● What this task involves:
Set down, word for word, every line of the material below from the one containing "在详细解读细则之前,先来复习" through the one containing "Colorful Underwater Scene", but none of its pictures.

● Input for this task:
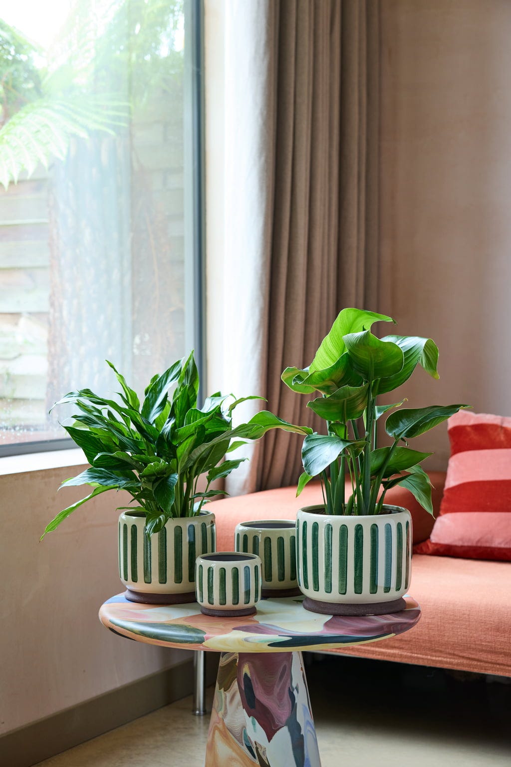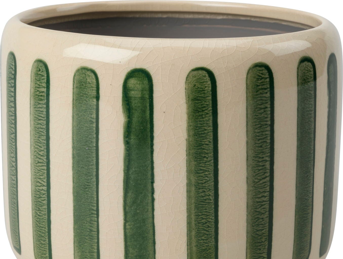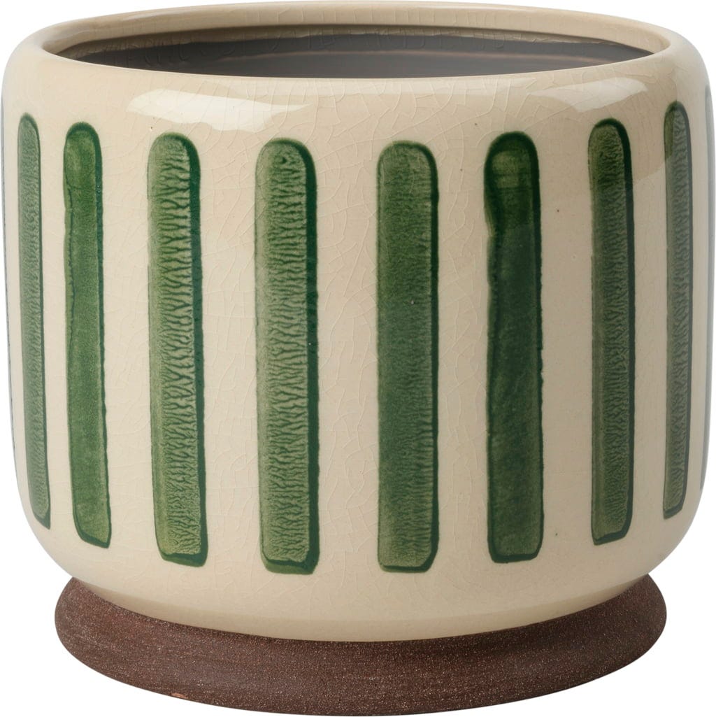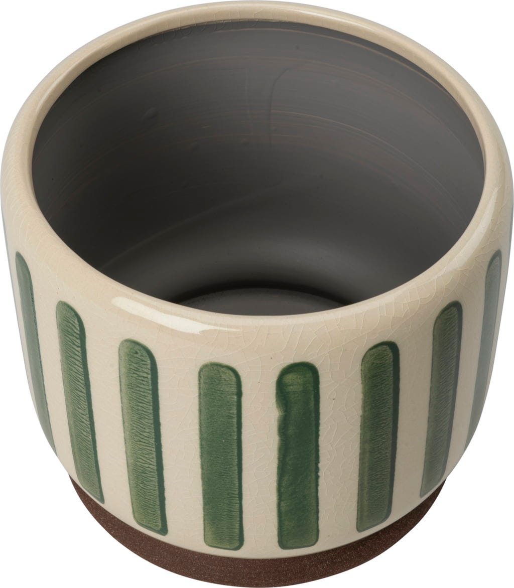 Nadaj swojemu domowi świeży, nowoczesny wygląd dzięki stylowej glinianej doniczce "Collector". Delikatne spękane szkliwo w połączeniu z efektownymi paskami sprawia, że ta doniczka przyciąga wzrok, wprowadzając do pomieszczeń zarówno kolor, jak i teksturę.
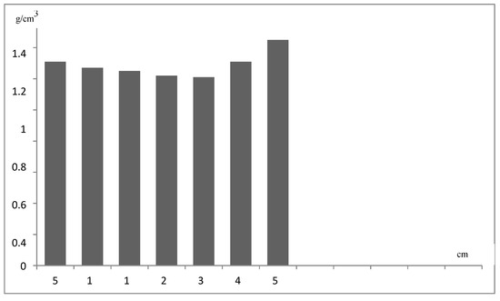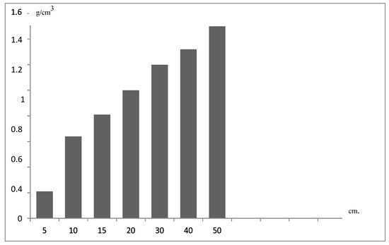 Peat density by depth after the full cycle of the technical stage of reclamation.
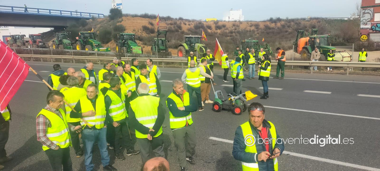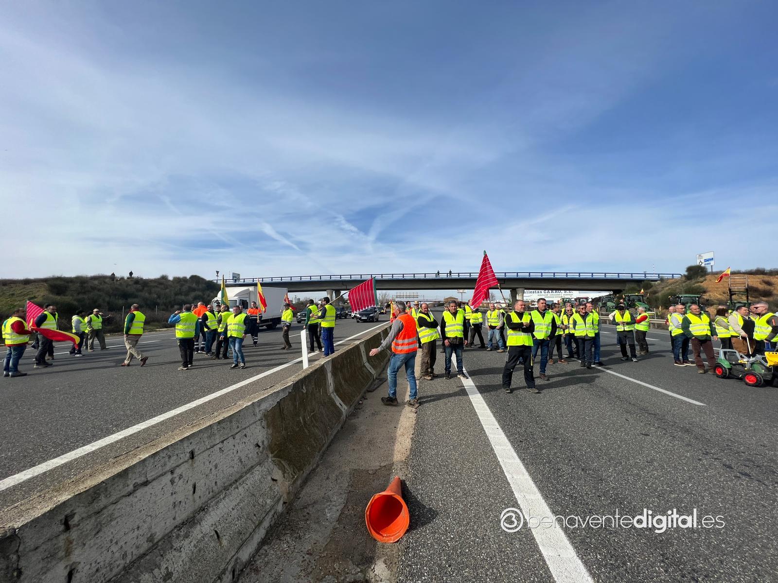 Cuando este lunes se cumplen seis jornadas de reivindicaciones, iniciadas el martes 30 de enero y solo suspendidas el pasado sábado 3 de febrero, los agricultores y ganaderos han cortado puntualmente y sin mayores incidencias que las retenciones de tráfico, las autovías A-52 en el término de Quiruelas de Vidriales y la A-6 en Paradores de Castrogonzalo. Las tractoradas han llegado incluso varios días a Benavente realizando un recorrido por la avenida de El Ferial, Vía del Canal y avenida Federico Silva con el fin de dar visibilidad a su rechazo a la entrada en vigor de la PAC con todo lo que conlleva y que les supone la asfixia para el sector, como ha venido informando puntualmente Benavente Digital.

...

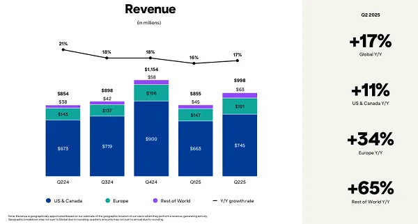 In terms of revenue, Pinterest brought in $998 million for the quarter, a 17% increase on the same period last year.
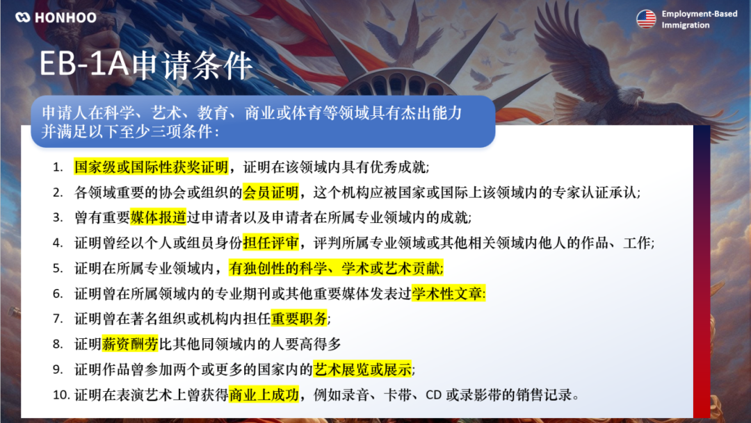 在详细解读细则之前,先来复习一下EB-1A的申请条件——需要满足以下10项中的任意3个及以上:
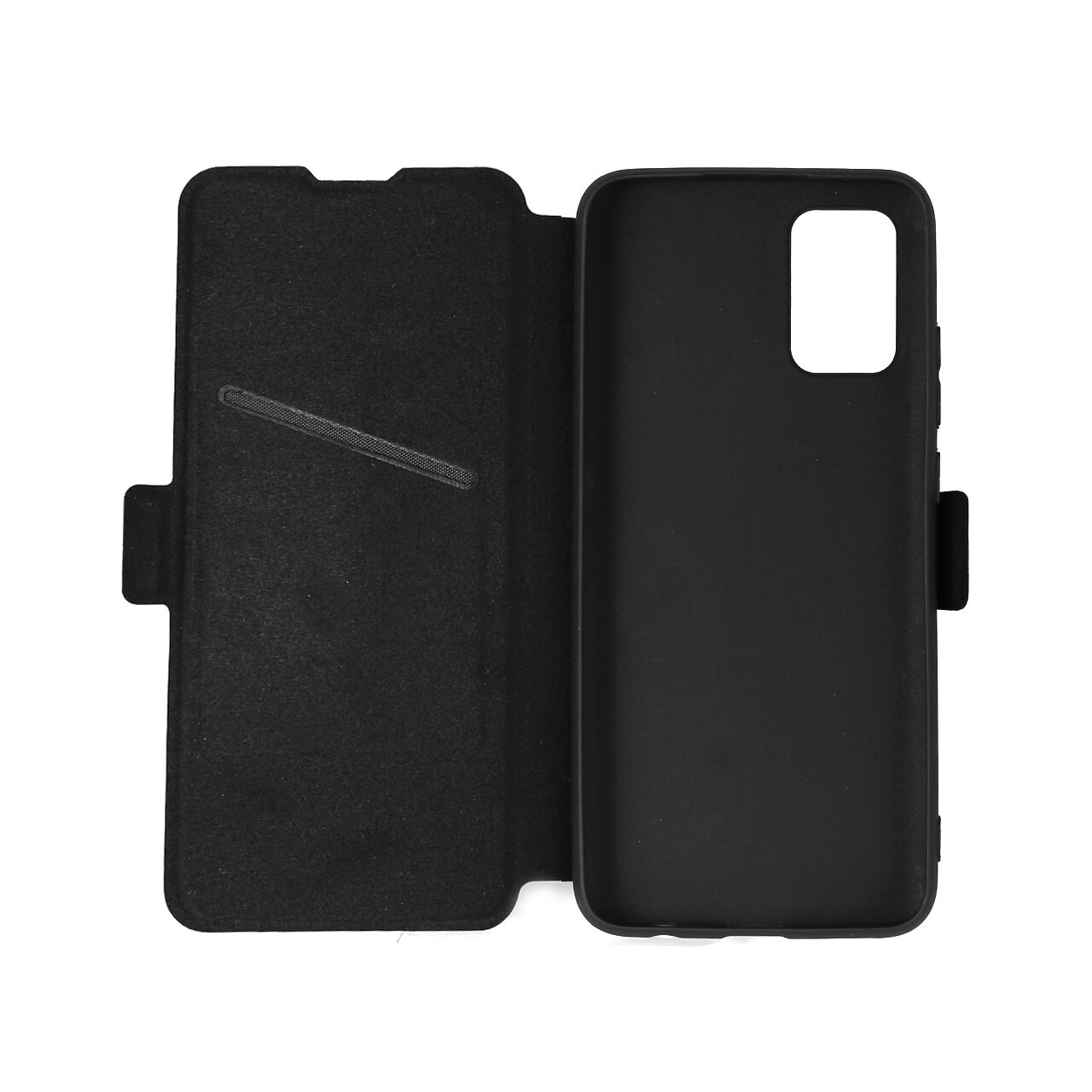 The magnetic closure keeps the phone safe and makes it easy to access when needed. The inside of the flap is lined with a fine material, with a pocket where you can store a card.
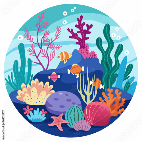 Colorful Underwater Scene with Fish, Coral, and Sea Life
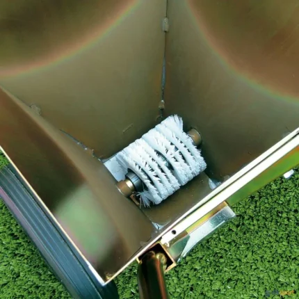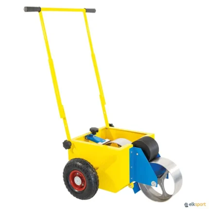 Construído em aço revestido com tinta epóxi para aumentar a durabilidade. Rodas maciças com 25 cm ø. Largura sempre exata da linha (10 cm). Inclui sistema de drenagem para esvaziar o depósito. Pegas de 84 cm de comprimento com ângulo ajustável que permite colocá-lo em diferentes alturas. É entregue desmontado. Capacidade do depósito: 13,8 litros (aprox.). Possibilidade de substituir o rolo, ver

● Expected answer:
 在详细解读细则之前,先来复习一下EB-1A的申请条件——需要满足以下10项中的任意3个及以上:
 The magnetic closure keeps the phone safe and makes it easy to access when needed. The inside of the flap is lined with a fine material, with a pocket where you can store a card.
 Colorful Underwater Scene with Fish, Coral, and Sea Life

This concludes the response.